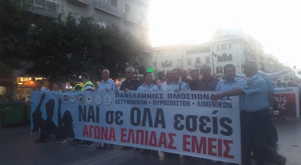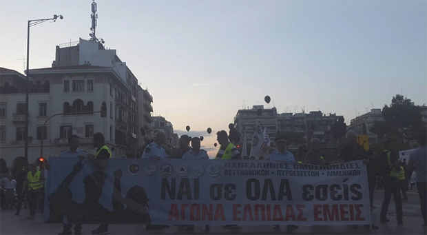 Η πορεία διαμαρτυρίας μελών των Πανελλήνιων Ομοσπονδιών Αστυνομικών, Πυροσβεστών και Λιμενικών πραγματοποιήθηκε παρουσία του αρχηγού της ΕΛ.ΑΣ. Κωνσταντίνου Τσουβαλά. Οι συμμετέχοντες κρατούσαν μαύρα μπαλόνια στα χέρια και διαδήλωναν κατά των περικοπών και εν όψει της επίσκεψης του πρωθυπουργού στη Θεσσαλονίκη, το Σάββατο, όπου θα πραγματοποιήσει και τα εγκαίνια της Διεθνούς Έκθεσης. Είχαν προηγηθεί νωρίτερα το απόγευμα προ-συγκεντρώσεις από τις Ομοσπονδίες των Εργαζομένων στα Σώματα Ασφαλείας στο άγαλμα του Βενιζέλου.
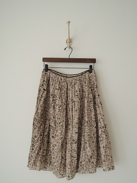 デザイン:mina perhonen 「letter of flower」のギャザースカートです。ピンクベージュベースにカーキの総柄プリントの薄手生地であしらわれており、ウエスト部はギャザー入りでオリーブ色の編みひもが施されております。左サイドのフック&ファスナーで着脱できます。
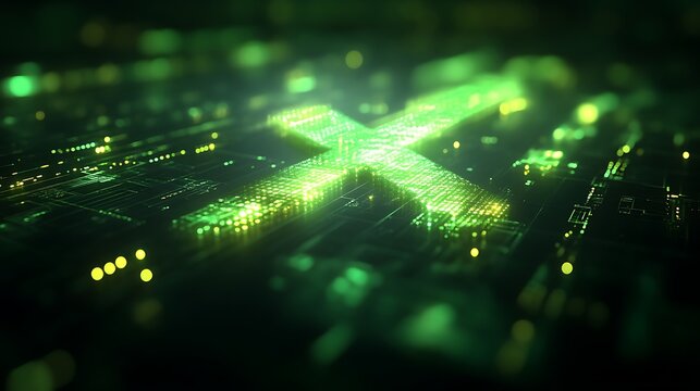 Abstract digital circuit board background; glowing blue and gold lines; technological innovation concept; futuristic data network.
* * * * * * * * *
** Your instructions **
When you restate the listing, keep every word as it is and drop the pictures.

** Exercise output **
 Η πορεία διαμαρτυρίας μελών των Πανελλήνιων Ομοσπονδιών Αστυνομικών, Πυροσβεστών και Λιμενικών πραγματοποιήθηκε παρουσία του αρχηγού της ΕΛ.ΑΣ. Κωνσταντίνου Τσουβαλά. Οι συμμετέχοντες κρατούσαν μαύρα μπαλόνια στα χέρια και διαδήλωναν κατά των περικοπών και εν όψει της επίσκεψης του πρωθυπουργού στη Θεσσαλονίκη, το Σάββατο, όπου θα πραγματοποιήσει και τα εγκαίνια της Διεθνούς Έκθεσης. Είχαν προηγηθεί νωρίτερα το απόγευμα προ-συγκεντρώσεις από τις Ομοσπονδίες των Εργαζομένων στα Σώματα Ασφαλείας στο άγαλμα του Βενιζέλου.
 デザイン:mina perhonen 「letter of flower」のギャザースカートです。ピンクベージュベースにカーキの総柄プリントの薄手生地であしらわれており、ウエスト部はギャザー入りでオリーブ色の編みひもが施されております。左サイドのフック&ファスナーで着脱できます。
 Abstract digital circuit board background; glowing blue and gold lines; technological innovation concept; futuristic data network.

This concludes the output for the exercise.